- WORK TASK: Identify each line below that contains the word "dress", and copy it out.
===== INPUT FOR THIS TASK
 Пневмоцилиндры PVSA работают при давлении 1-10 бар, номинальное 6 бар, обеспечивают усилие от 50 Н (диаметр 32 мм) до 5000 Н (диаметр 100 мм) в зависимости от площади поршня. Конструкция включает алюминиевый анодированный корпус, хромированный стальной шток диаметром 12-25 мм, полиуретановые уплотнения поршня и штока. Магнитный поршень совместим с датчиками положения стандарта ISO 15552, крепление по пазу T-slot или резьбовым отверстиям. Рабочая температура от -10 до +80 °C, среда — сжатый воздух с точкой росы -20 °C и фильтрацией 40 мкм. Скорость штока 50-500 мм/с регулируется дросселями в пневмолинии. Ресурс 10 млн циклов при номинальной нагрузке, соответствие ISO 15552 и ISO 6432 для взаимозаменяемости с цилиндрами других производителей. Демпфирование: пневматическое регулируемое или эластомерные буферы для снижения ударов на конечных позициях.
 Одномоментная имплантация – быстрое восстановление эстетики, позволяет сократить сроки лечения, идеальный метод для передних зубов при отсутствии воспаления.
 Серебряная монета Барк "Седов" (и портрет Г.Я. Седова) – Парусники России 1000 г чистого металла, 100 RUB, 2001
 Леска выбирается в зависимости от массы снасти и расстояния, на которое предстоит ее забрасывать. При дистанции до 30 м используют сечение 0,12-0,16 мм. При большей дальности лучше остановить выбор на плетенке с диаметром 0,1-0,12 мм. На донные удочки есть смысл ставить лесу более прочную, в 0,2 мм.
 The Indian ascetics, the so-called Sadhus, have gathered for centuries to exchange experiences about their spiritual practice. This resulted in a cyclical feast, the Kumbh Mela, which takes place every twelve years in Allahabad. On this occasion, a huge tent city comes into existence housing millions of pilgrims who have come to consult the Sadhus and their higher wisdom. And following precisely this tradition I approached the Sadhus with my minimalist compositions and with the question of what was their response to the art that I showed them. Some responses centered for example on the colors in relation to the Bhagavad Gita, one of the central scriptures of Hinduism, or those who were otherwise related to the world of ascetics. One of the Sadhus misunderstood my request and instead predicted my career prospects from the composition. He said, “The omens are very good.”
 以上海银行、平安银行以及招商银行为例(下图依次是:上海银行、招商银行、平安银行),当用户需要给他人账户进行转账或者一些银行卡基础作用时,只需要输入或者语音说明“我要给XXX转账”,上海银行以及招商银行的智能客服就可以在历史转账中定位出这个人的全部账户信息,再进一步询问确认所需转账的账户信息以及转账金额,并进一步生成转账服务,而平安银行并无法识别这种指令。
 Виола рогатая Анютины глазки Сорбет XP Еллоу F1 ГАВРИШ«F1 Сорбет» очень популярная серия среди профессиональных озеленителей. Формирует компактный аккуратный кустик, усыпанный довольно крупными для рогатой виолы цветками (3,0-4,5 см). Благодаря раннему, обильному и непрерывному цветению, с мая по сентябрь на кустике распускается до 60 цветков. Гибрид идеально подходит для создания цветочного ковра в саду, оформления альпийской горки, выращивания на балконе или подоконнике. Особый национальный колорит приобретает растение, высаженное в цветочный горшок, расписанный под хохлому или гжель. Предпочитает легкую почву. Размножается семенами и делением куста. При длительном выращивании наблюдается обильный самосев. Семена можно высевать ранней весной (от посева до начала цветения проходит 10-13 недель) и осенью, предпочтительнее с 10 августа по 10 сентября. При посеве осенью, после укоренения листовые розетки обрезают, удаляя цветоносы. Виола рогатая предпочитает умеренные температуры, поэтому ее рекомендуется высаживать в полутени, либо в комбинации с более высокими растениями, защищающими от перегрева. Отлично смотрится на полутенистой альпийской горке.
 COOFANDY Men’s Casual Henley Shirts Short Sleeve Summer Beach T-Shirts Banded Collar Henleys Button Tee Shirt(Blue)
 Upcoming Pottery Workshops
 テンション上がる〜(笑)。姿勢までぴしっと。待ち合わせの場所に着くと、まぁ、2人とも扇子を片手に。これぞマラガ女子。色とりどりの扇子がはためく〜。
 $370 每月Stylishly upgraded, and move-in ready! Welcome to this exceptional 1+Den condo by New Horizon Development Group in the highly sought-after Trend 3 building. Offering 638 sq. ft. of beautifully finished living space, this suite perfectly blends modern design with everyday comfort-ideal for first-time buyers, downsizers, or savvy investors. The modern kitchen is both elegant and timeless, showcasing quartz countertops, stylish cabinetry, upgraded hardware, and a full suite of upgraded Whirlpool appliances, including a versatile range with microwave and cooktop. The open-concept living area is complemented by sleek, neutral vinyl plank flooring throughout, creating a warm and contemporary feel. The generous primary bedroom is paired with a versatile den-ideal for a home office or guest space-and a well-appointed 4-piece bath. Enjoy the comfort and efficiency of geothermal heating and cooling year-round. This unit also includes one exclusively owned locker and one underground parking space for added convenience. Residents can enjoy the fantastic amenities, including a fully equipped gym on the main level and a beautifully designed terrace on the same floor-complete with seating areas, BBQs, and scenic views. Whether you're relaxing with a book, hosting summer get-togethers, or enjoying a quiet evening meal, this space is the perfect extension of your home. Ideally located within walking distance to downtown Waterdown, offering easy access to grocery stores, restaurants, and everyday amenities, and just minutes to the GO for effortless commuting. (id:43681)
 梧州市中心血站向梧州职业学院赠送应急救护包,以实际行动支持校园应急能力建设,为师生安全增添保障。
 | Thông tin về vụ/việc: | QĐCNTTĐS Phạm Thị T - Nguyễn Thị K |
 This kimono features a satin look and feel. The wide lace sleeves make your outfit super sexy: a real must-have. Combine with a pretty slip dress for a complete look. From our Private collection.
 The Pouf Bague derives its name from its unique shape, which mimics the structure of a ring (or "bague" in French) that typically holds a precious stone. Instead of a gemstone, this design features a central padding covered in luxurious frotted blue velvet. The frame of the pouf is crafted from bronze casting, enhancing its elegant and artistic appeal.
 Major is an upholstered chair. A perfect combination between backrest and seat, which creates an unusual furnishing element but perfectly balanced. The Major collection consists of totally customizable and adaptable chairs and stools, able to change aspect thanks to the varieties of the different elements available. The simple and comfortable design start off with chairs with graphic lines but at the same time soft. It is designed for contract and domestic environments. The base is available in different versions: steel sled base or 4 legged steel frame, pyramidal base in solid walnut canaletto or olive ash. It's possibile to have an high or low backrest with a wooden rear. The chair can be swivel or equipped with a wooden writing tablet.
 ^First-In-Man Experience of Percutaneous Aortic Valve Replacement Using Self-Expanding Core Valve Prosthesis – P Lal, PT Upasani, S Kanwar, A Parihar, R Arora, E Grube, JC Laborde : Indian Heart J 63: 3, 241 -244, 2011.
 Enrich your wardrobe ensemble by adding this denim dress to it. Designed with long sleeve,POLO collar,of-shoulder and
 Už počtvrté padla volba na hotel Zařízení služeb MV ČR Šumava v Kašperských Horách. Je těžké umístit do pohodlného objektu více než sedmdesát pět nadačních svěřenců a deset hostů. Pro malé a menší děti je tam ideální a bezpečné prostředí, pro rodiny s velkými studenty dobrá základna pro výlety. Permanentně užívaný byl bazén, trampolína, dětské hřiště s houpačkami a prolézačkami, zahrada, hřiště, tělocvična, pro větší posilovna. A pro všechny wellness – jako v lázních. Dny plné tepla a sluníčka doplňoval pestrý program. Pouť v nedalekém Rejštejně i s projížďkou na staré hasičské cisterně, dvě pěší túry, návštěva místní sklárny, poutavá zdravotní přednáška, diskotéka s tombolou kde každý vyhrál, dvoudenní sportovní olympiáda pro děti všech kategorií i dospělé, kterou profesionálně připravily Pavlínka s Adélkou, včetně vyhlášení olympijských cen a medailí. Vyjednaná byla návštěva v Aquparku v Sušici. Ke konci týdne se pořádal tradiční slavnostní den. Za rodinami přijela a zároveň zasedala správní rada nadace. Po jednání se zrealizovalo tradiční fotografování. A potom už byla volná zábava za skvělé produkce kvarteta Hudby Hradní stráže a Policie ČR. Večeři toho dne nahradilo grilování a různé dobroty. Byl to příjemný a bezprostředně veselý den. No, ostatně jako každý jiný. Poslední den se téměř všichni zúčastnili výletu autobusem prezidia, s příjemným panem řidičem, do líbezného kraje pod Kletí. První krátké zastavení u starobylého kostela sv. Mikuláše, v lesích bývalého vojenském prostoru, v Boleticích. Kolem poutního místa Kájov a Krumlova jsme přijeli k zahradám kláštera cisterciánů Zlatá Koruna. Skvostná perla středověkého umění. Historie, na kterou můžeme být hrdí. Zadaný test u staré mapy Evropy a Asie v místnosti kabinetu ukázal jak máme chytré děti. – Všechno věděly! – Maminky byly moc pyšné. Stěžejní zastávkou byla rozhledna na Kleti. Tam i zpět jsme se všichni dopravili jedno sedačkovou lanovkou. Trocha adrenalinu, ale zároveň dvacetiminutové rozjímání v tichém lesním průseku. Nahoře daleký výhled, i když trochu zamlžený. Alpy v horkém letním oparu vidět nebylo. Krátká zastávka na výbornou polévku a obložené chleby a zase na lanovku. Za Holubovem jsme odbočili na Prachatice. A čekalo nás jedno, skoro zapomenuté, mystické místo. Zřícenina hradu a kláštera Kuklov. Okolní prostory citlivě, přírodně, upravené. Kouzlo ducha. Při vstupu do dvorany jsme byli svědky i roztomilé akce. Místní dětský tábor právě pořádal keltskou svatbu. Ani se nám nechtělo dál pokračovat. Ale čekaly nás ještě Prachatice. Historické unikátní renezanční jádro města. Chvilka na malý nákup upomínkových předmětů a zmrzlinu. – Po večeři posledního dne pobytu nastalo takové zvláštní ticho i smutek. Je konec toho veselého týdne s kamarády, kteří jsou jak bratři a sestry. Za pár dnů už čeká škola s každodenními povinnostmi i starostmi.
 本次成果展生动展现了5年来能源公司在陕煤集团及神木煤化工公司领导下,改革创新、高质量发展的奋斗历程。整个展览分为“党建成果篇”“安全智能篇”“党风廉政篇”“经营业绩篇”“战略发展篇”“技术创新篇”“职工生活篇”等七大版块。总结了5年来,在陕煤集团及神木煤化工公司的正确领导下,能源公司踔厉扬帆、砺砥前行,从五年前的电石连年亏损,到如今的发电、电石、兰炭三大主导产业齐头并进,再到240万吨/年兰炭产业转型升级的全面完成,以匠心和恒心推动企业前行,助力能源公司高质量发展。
==========
- ANSWER:
 This kimono features a satin look and feel. The wide lace sleeves make your outfit super sexy: a real must-have. Combine with a pretty slip dress for a complete look. From our Private collection.
 Enrich your wardrobe ensemble by adding this denim dress to it. Designed with long sleeve,POLO collar,of-shoulder and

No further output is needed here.